Board member Candace Walker quit Feb. 14, followed two days later by vice chair David Moskowitz. Both cited board dysfunction. In his resignation letter Moskowitz expressed support for Joseph and for removing Clark.
Moskowitz urged other members to quit, and Shawanda Reynolds-Cobb and Candace Rogers resigned too.
That leaves only two full members, Nadine Ali and Rosa Waymon; and two alternates, Clark and Carthea Simelton-Treminio. Board rules say alternates can only temporarily fill seats as appointed by the board chair – and the chair’s position has been vacant since Joseph’s departure.
In recent emails with board members, Levine agreed the board needed a “fresh start” and said she would “be happy to be part of that joint resignation.”
On Feb. 28 Levine, still acting as the board’s general counsel, told staff to cut off the remaining board members’ official email access.
“It was necessary to protect the staff, to prevent irreparable harm from your calling a meeting or giving the staff illegal instructions,” she wrote to those members the following day. “If only you had been this committed to accessing county email when the chair and I requested that you read it before meetings!”
Levine said she told remaining members and alternates they must abstain from any official action, to reduce legal risk from “perceived conflicts or challenges to quorum.”
If they take any action in private, they could violate their own ordinances, Georgia’s open meetings law and the board’s own internal rules.
The board also faces a federal lawsuit from Wiley, accusing the ethics board of racial discrimination and retaliation – including many of the same allegations in her EEOC complaint.
In her suit Wiley calls the outside probe a sham and cites the board’s Jan. 19 elimination of her position as proof of retaliation. She had been on paid administrative leave for months before that. Wiley alleges the decision to place her on leave was made in a closed-door session without a legal quorum.

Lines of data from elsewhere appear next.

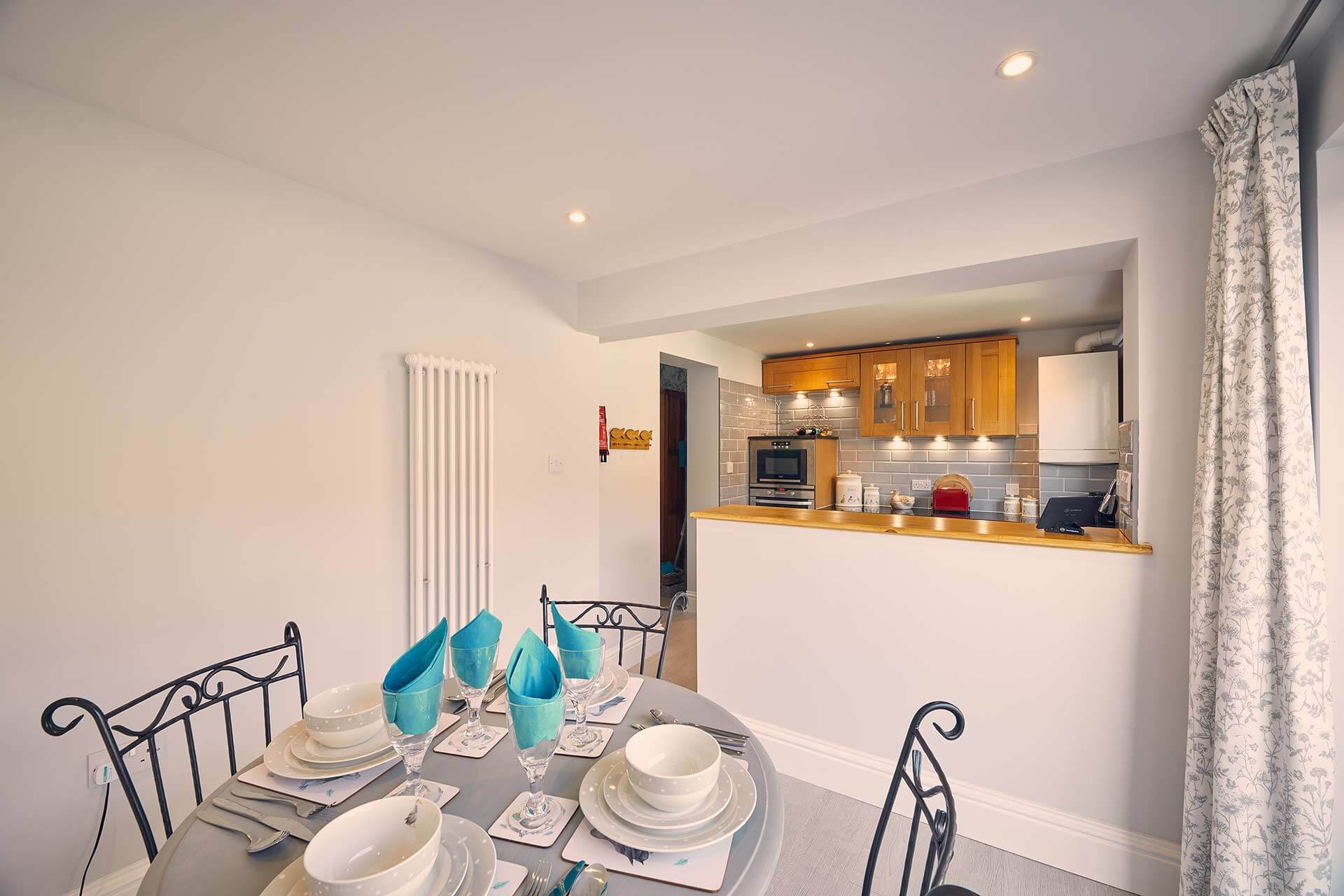 Ideal for self-catering breaks, you’ll be able to prepare and enjoy home cooked meals at Roselyn. Head to the kitchen and you’ll find a whole host of appliances including a dishwasher, oven, microwave, toaster, kettle and fridge, (the freezer can be found in the under stairs cupboard). The open plan space also includes the dining area. There is a round table with four chairs so there is ample space for your whole party.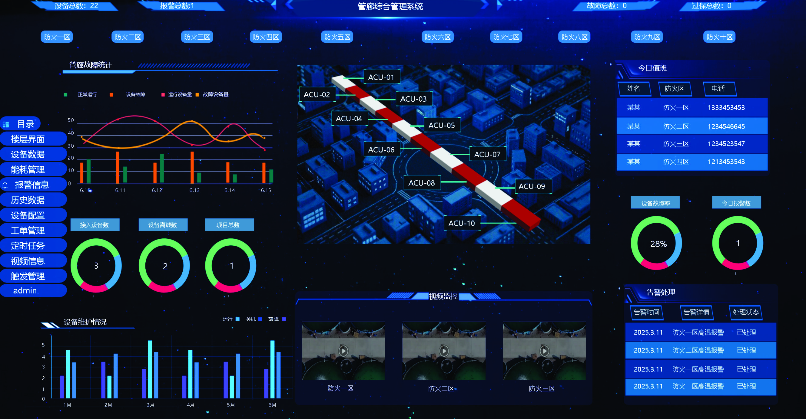 信息匯聚柜與監(jiān)控分區(qū)ACU柜組成監(jiān)控子干環(huán)網(wǎng)和視頻子干環(huán)網(wǎng)控制中心監(jiān)控計算機顯示器上能生動形象地反映出綜合管廊建筑模擬圖、管廊內(nèi)各設(shè)備的狀態(tài)、儀表檢測數(shù)據(jù)和動力配電的實時數(shù)據(jù)并報警。監(jiān)控計算機同時還向現(xiàn)場ACU發(fā)出控制命令、啟?,F(xiàn)場附屬設(shè)備。附屬設(shè)備監(jiān)控系統(tǒng)通過以太網(wǎng)交換機與火災(zāi)報警系統(tǒng)聯(lián)網(wǎng)。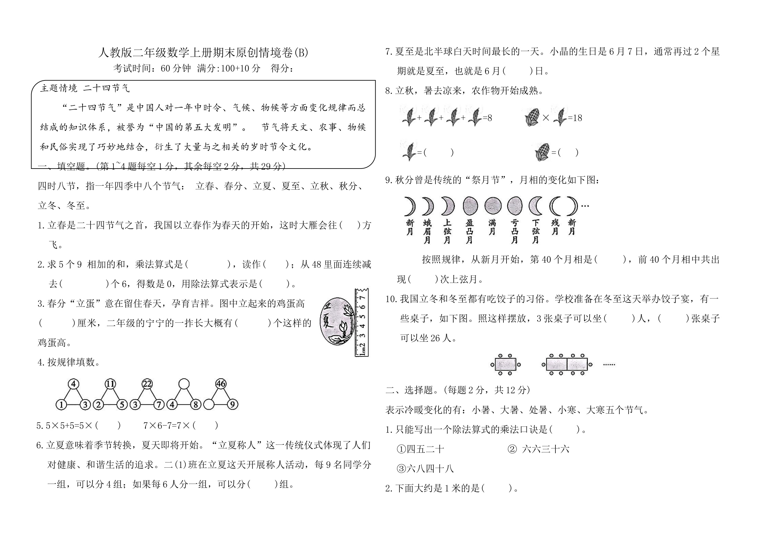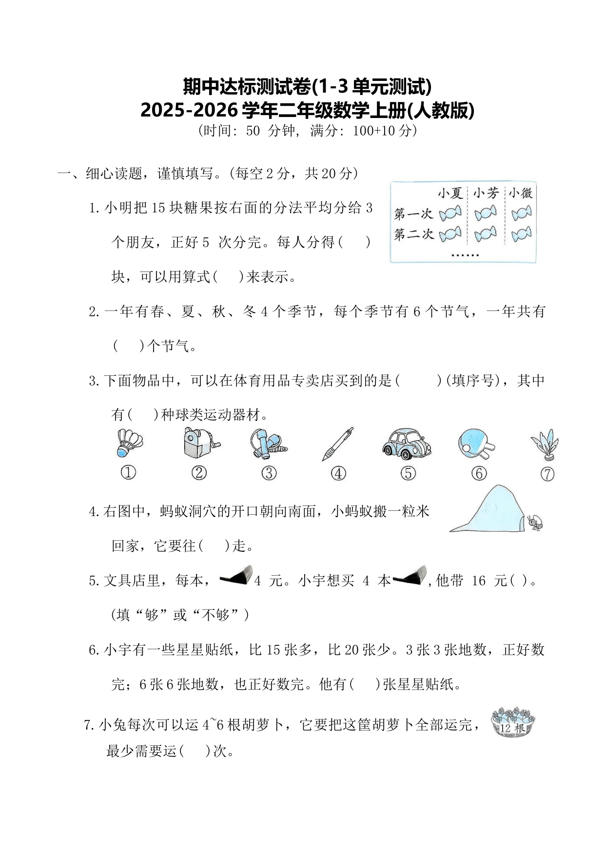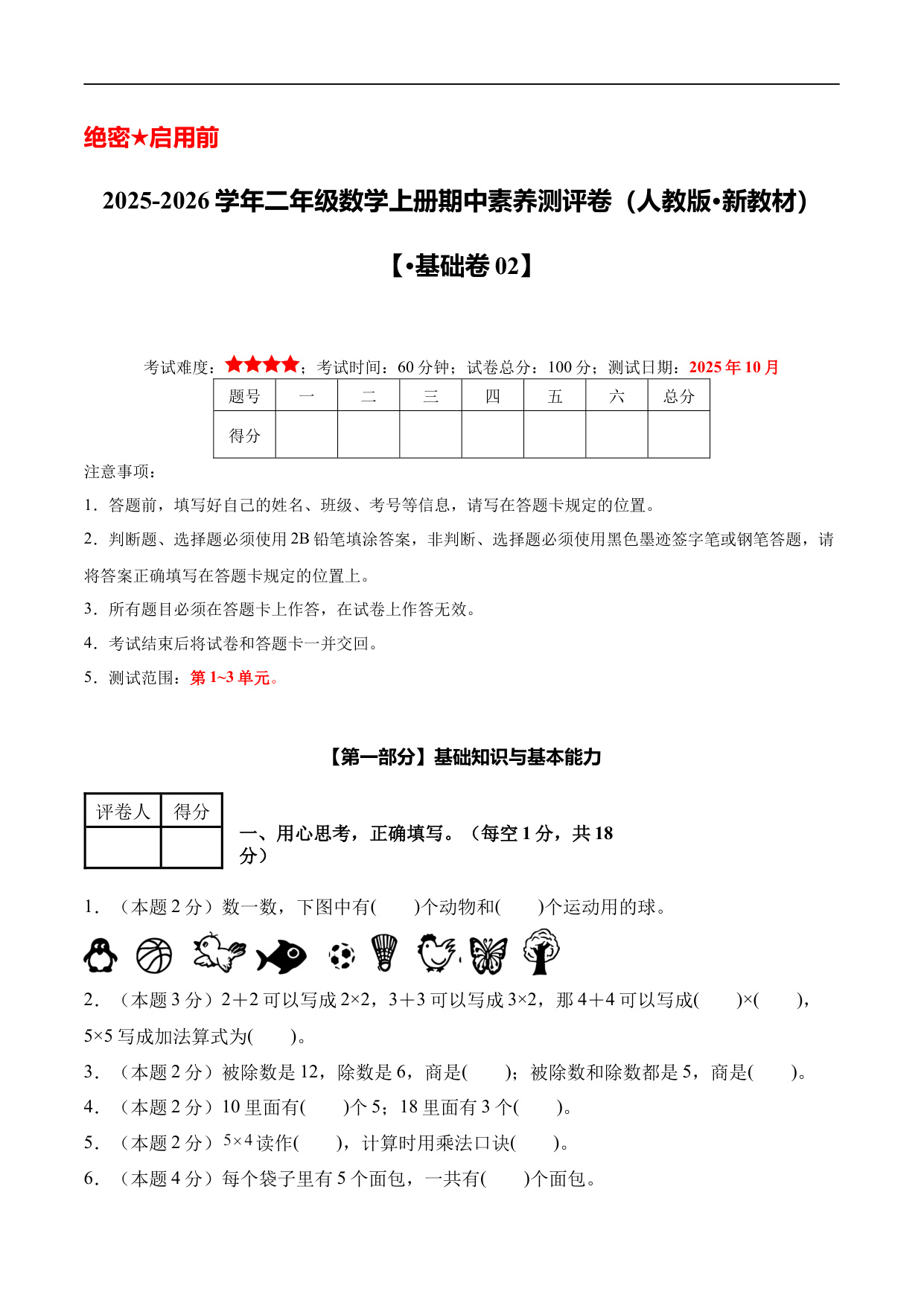 【A4考试版】数学(基础卷02)-2025-2026学年二年级数学上册期中素养测评卷(人教版·新教材)

Prior to Wiley’s dismissal, Joseph said in a memo that the ethics board’s two other full-time employees should be able to handle the workload. But in her own resignation as board chair Joseph said though she did not believe Wiley faced unlawful discrimination or retaliation, her “perception of hostility is sincere.”
Since Murphy’s arrival she presented 12 cases to the board, some of which dated to 2016, her report says.
“The remainder of the cases have pending actions in state or federal courts. The Ethics Officer and Ethics Board agreed and has (sic) a history of holding those pending cases in abeyance until the court makes its final determination,” Murphy wrote.